[RECORD EXTRACTS Boundary: Start]

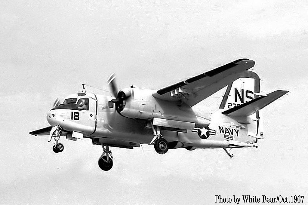 ↑ 同日に伊丹空港に着陸したS-2E/NS-18。1967年頃、CVSG-53にはVS-21/VS-29/VAW-111/HS-6等の飛行隊が傘下にあったが、母艦だったUSSキャサージは1970年2月に退役し、空母タイコンデロガ(CVS-14)に移動している。
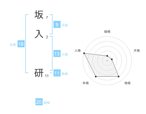 坂入 研さんの総格は20画の1点!
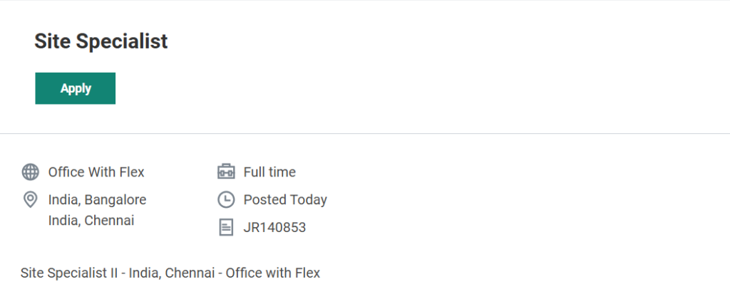 | Job Title | Site Specialist II |
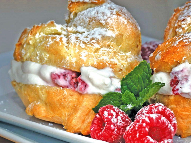 • سخّني الفرن مسبقاً على حرارة 230 درجة مئوية. إذا كنت تملكين حجر البيتزا، ضعيه على أدنى رف (كي تنتفخ المعجنات بسهولة).• سخّني البيض في وعاء من ماء الصنبور الساخن.• في طنجرة متوسطة، اخلطي كوب الماء مع الزبدة والملح وحبيبات السكر واغلي الخليط بالكامل، ثم انزعيه عن النار وأضيفي الفانيلا واسكبي الطحين دفعةً واحدة وحرّكيه بملعقة خشبية لتشكيل كتلة دائرية بسرعة.• أعيدي الصينية إلى حرارة متوسطة وتابعي التحريك واضغطي العجينة على طرف الصينية واجمعيها على شكل كتلة دائرية. هكذا تجفّ العجينة كي تتمكن من امتصاص البيض بشكل أفضل. تابعي التحريك بين دقيقة ودقيقتين لكن لا تدعي العجينة تحترق.• ضعي العجينة في وعاء الخلاط واتركيها جانباً.• في وعاء صغير، اخفقي 3 بيضات دافئة. افصلي البيضة الرابعة وضعي الزلال في طبق صغير واخفقيه. تخلّصي من الصفار أو احتفظي به.• شغّلي الخلاط بسرعة متدنية وأضيفي 3 بيضات كاملة ومخفوقة على ثلاث دفعات وانتظري امتصاص كل دفعة قبل إضافة المزيد. زيدي سرعة الخلاط إلى درجة متوسطة إلى أن يمتزج البيض جيداً. أوقفي الخلاط واختبري العجينة عبر وضع ملعقة منها على طبق. يجب أن تكون ناعمة بما يكفي كي تحافظ على شكلها. إذا بقيت صلبة، أضيفي زلال البيض. وإذا بدت ناعمة جداً، ابدئي بتشكيل المعجنات المنتفخة.• في صينية مغطاة بورق برشمان أو برذاذ طبخ، ضعي ملاعق كبيرة من العجينة واتركي بينها إنشَين على الأقل. في النهاية يجب أن تحصلي على 8 كتل لتحضير معجنات كبيرة الحجم.• استعملي بخاخاً لرش الماء على كل كتلة بهدف إطالة مفعول الرطوبة كي تنتفخ المعجنات قدر الإمكان قبل أن تصبح صلبة.• ضعي الصينية على حجر البيتزا مباشرةً أو على الرف السفلي. خففي حرارة الفرن إلى 220 درجة مئوية. اخبزيها طوال 25 دقيقة. لا تفتحي باب الفرن كي لا تتفتت المعجنات. بعد 25 دقيقة، انزعي الصينية من الفرن واثقبي كل قطعة بسكين صغيرة كي يخرج البخار منها وتجفّ المعجنات. خففي النار إلى 175 درجة واخبزيها طوال 15 دقيقة إضافية، ثم انقليها إلى أحد الرفوف كي تبرد. • لتحضير الحشوة: قبل تقديم التحلية مباشرةً، اخفقي الكريما مع ملعقة كبيرة من السكر الناعم إلى أن تتشكل كتلة ناعمة. احتفظي ببضع حبات كاملة من التوت الأحمر للزينة واسحقي الكمية المتبقية بشوكة ثم اسكبيها في الكريما المخفوقة. قطّعي المعجنات أفقياً إلى النصف بسكين مسننة واملئي النصف السفلي بالكريما ثم أغلقي النصف العلوي. انخلي عليها السكر الناعم وزيّنيها بحبات التوت المتبقية.عشاؤكما في ليلة عيد الحب
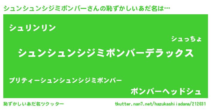 | 意味不明あだ名 | 『住所不定無職シュンシュンシジミボンバー(85歳)』 |
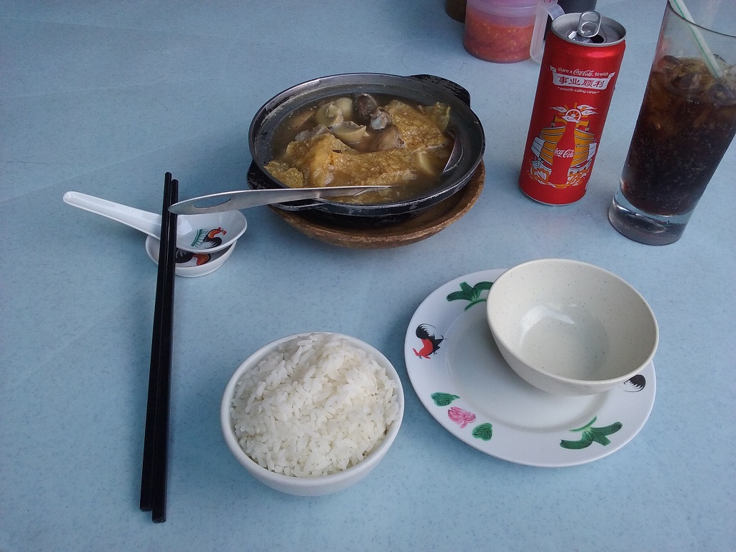 アロー通りとチャンカット・ブキッ・ビンタン通りの角にある、中華系のレストランです。私は排骨肉骨茶(名前うろ覚えです)とコーラを頼んで約700円程。肉のうまみが凝縮した深い味わいのスープを楽しむことができました。
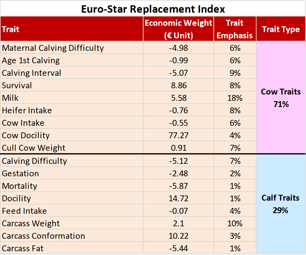 The Euro-Star Index has two overall indexes – the Replacement Index and the Terminal Index. This is to facilitate the use of Euro-Star Indexes across different farming systems. Some farmers may breed their own replacements, in which case the Replacement Index is most relevant. Other farmers may sell all of their suckler progeny as weanlings or take them through to slaughter, in which case the Terminal Index is most relevant.
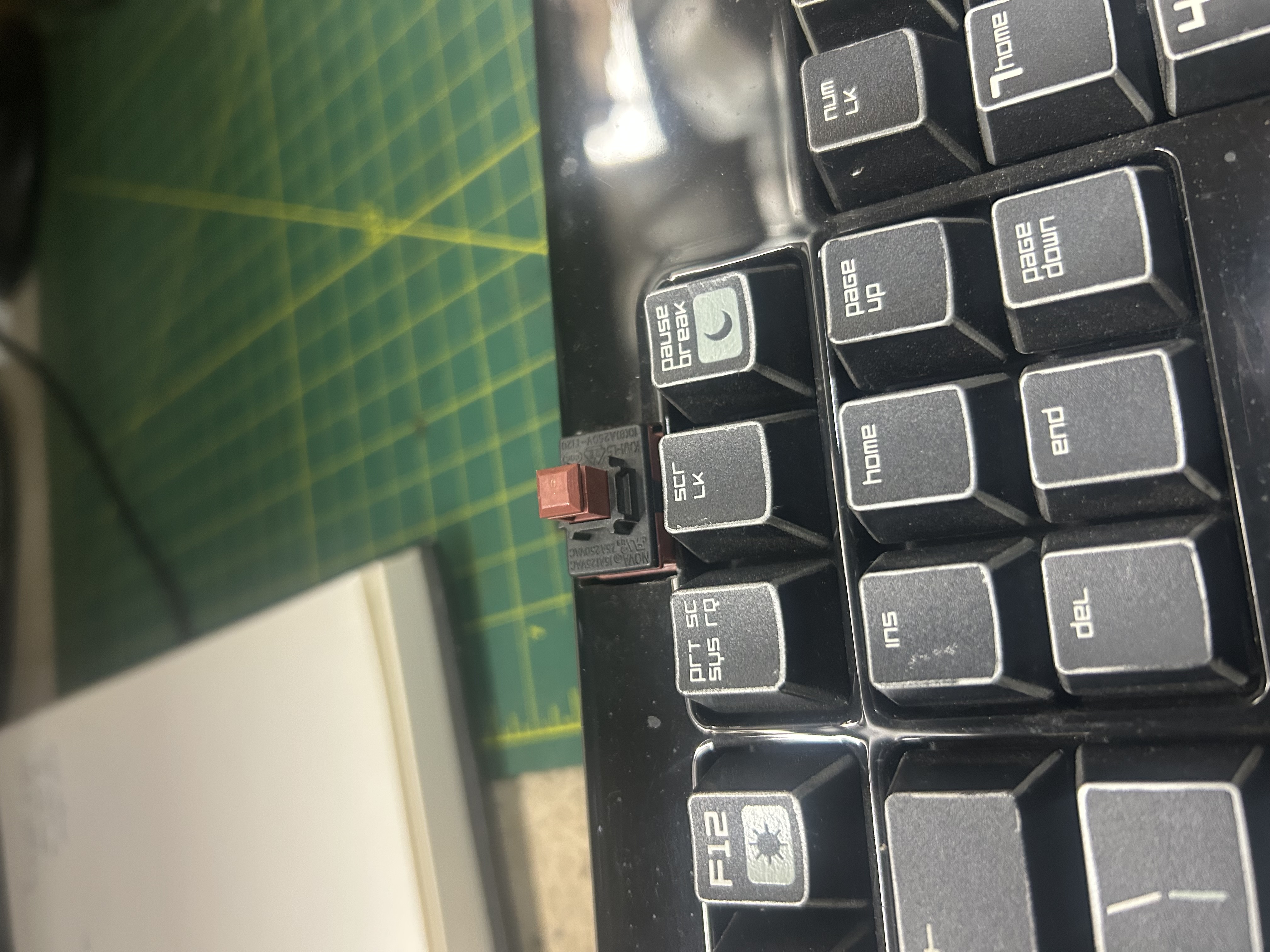 My next (and final) idea was to add a button to my keyboard. A kill-switch, if you will. When I want my keyboard to stop being connected, I just press the button.
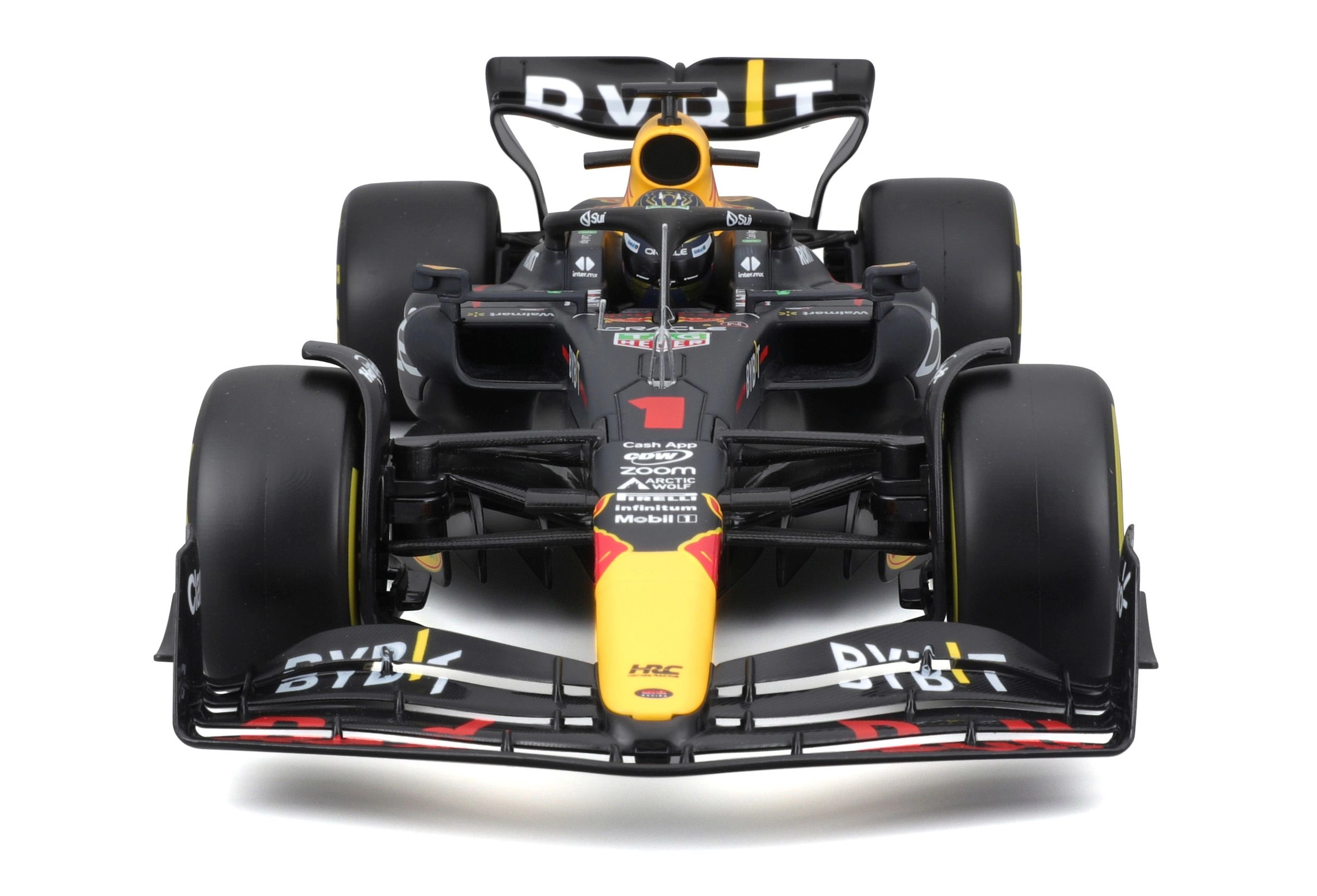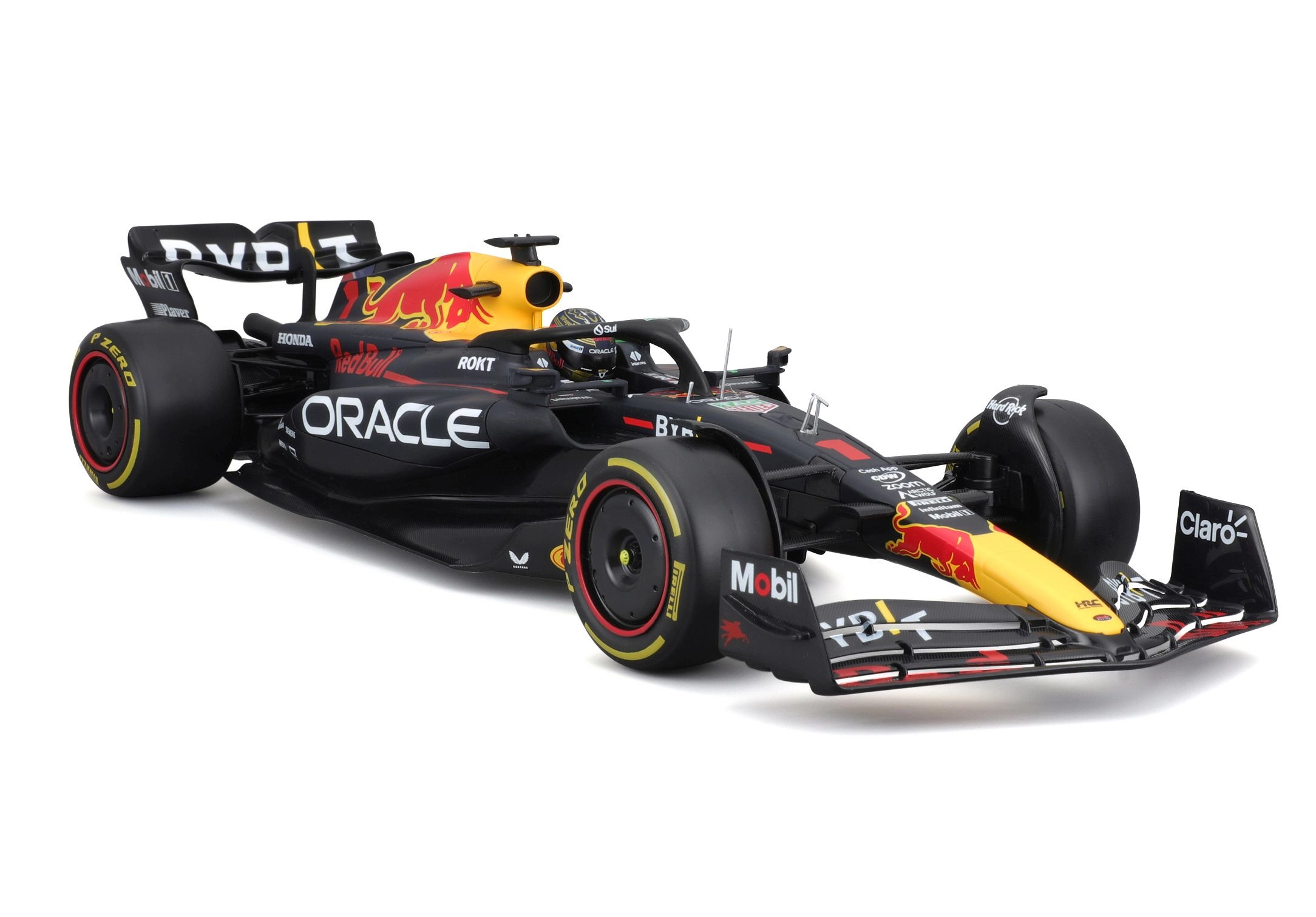 Vjerna replika RB19 s točnim bojama, logotipovima sponzora i detaljima karoserije za maksimalno autentičan izgled.

[RECORD EXTRACTS Boundary: End]

Each record above is to be copied out exactly; its pictures are not.

## RESPONSE TO THIS EXERCISE
 ↑ 同日に伊丹空港に着陸したS-2E/NS-18。1967年頃、CVSG-53にはVS-21/VS-29/VAW-111/HS-6等の飛行隊が傘下にあったが、母艦だったUSSキャサージは1970年2月に退役し、空母タイコンデロガ(CVS-14)に移動している。
 坂入 研さんの総格は20画の1点!
 | Job Title | Site Specialist II |
 • سخّني الفرن مسبقاً على حرارة 230 درجة مئوية. إذا كنت تملكين حجر البيتزا، ضعيه على أدنى رف (كي تنتفخ المعجنات بسهولة).• سخّني البيض في وعاء من ماء الصنبور الساخن.• في طنجرة متوسطة، اخلطي كوب الماء مع الزبدة والملح وحبيبات السكر واغلي الخليط بالكامل، ثم انزعيه عن النار وأضيفي الفانيلا واسكبي الطحين دفعةً واحدة وحرّكيه بملعقة خشبية لتشكيل كتلة دائرية بسرعة.• أعيدي الصينية إلى حرارة متوسطة وتابعي التحريك واضغطي العجينة على طرف الصينية واجمعيها على شكل كتلة دائرية. هكذا تجفّ العجينة كي تتمكن من امتصاص البيض بشكل أفضل. تابعي التحريك بين دقيقة ودقيقتين لكن لا تدعي العجينة تحترق.• ضعي العجينة في وعاء الخلاط واتركيها جانباً.• في وعاء صغير، اخفقي 3 بيضات دافئة. افصلي البيضة الرابعة وضعي الزلال في طبق صغير واخفقيه. تخلّصي من الصفار أو احتفظي به.• شغّلي الخلاط بسرعة متدنية وأضيفي 3 بيضات كاملة ومخفوقة على ثلاث دفعات وانتظري امتصاص كل دفعة قبل إضافة المزيد. زيدي سرعة الخلاط إلى درجة متوسطة إلى أن يمتزج البيض جيداً. أوقفي الخلاط واختبري العجينة عبر وضع ملعقة منها على طبق. يجب أن تكون ناعمة بما يكفي كي تحافظ على شكلها. إذا بقيت صلبة، أضيفي زلال البيض. وإذا بدت ناعمة جداً، ابدئي بتشكيل المعجنات المنتفخة.• في صينية مغطاة بورق برشمان أو برذاذ طبخ، ضعي ملاعق كبيرة من العجينة واتركي بينها إنشَين على الأقل. في النهاية يجب أن تحصلي على 8 كتل لتحضير معجنات كبيرة الحجم.• استعملي بخاخاً لرش الماء على كل كتلة بهدف إطالة مفعول الرطوبة كي تنتفخ المعجنات قدر الإمكان قبل أن تصبح صلبة.• ضعي الصينية على حجر البيتزا مباشرةً أو على الرف السفلي. خففي حرارة الفرن إلى 220 درجة مئوية. اخبزيها طوال 25 دقيقة. لا تفتحي باب الفرن كي لا تتفتت المعجنات. بعد 25 دقيقة، انزعي الصينية من الفرن واثقبي كل قطعة بسكين صغيرة كي يخرج البخار منها وتجفّ المعجنات. خففي النار إلى 175 درجة واخبزيها طوال 15 دقيقة إضافية، ثم انقليها إلى أحد الرفوف كي تبرد. • لتحضير الحشوة: قبل تقديم التحلية مباشرةً، اخفقي الكريما مع ملعقة كبيرة من السكر الناعم إلى أن تتشكل كتلة ناعمة. احتفظي ببضع حبات كاملة من التوت الأحمر للزينة واسحقي الكمية المتبقية بشوكة ثم اسكبيها في الكريما المخفوقة. قطّعي المعجنات أفقياً إلى النصف بسكين مسننة واملئي النصف السفلي بالكريما ثم أغلقي النصف العلوي. انخلي عليها السكر الناعم وزيّنيها بحبات التوت المتبقية.عشاؤكما في ليلة عيد الحب
 | 意味不明あだ名 | 『住所不定無職シュンシュンシジミボンバー(85歳)』 |
 アロー通りとチャンカット・ブキッ・ビンタン通りの角にある、中華系のレストランです。私は排骨肉骨茶(名前うろ覚えです)とコーラを頼んで約700円程。肉のうまみが凝縮した深い味わいのスープを楽しむことができました。
 The Euro-Star Index has two overall indexes – the Replacement Index and the Terminal Index. This is to facilitate the use of Euro-Star Indexes across different farming systems. Some farmers may breed their own replacements, in which case the Replacement Index is most relevant. Other farmers may sell all of their suckler progeny as weanlings or take them through to slaughter, in which case the Terminal Index is most relevant.
 My next (and final) idea was to add a button to my keyboard. A kill-switch, if you will. When I want my keyboard to stop being connected, I just press the button.
 Vjerna replika RB19 s točnim bojama, logotipovima sponzora i detaljima karoserije za maksimalno autentičan izgled.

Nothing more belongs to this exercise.